= June Ross =

Australian geologist, palaeontologist and biologist

June Rosa Pitt Ross (2 May 1931 – 10 March 2012) was an Australian geologist, palaeontologist and biologist. She was amongst the first women to obtain a PhD in Australia, and one of the few women of the time to build a successful career in academia.

== Early life and education ==
June Rosa Pitt Phillips was born in Taree, NSW and attended Gosford High School where she was a competitive swimmer and school captain. At the encouragement of the school headmistress, she applied for and received a four-year scholarship to the University of Sydney, where she took a BSc with geology as a fourth subject in first year. After passing her third year exams with distinction, Ross undertook Honours work around Queanbeyan, NSW. At the time she did not have a car, instead renting rooms at farms and exploring the surrounding area on foot. She graduated in 1952 with first class Honours and the Deas-Thomson Scholarship for geology and worked as a demonstrator after graduation. Her PhD fieldwork was spread across NSW, once again completed without a car by travelling on passenger and goods trains and renting rooms at farms. She completed her thesis in four years and immediately went overseas. It took the university two years to make contact with her to inform her that she had completed all the requirements for her PhD, making her one of first women in Australia to obtain the degree.

== Career ==
On completion of her thesis, Ross was awarded two postdoctoral scholarships: an 1851 Research Fellowship to study at University of Cambridge, and an American Association of University Women Scholarship to study in the United States. She chose the latter, and in 1959 with financial support from the Department of Geology at the University of Sydney she left Australia to study at Yale University. At Yale she worked in the Peabody Museum of Natural History with a focus on palaeontology, expanding on some of the work done by Joan Crockford-Beattie on bryozoa. Yale gave her a fellowship for her second year of study, and after that she received a US National Science Foundation Grant which included a half-time stipend. Whilst at Yale she attended graduate lectures given by Australian Sam Warren Carey which inspired her to stay and build a career in the United States.

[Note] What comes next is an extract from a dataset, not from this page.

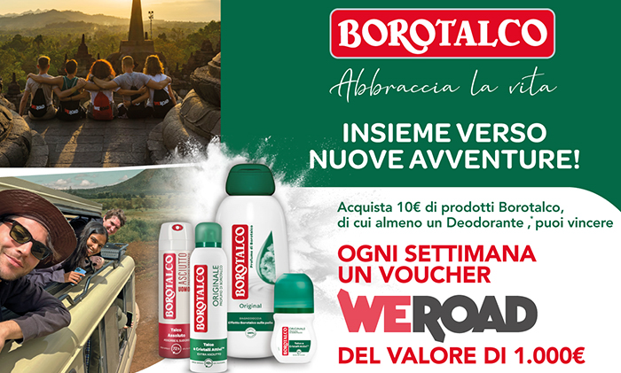 Acquista almeno 10,00 euro di prodotti Borotalco - di cui obbligatoriamente almeno n. 1 DEODORANTE tra quelli riportati nel regolamento e prova a vincere ogni settimana un voucher WeRoad.

Ross became a full professor at Western Washington University in 1970. She was unable to gain a position in the geology department with her husband, Charles Ross, instead taking up a position in the biology department. Her research focused on bryozoans and she published over 160 journal articles over her career. Copies of some of her field notebooks have been digitised by the Biodiversity Heritage Library. At the university, she served as Chair of the Biology Department for several years and on the Faculty Senate for several years, spending one term as the president of the Senate. She was also a council member and then President of the International Association of Bryozoologists, and a council member and treasurer of the Paleontological Society for six years. Ross retired in 2004 as professor emeritus.

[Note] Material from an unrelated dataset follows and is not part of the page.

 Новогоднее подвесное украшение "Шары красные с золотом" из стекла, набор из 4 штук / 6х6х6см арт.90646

Outside the university, Ross was instrumental in establishing the local Family Planning Council and its successor, Planned Parenthood, of Whatcom County. She served as the first director of the Planned Parenthood clinic which was in the former St Luke's Hospital.

== Awards ==
Based on her accumulated publications, Ross was awarded a DSc in 1974.

== Legacy ==
The Charles A. & June R.P. Ross Research Fund was established by the Geological Society of America to support student research.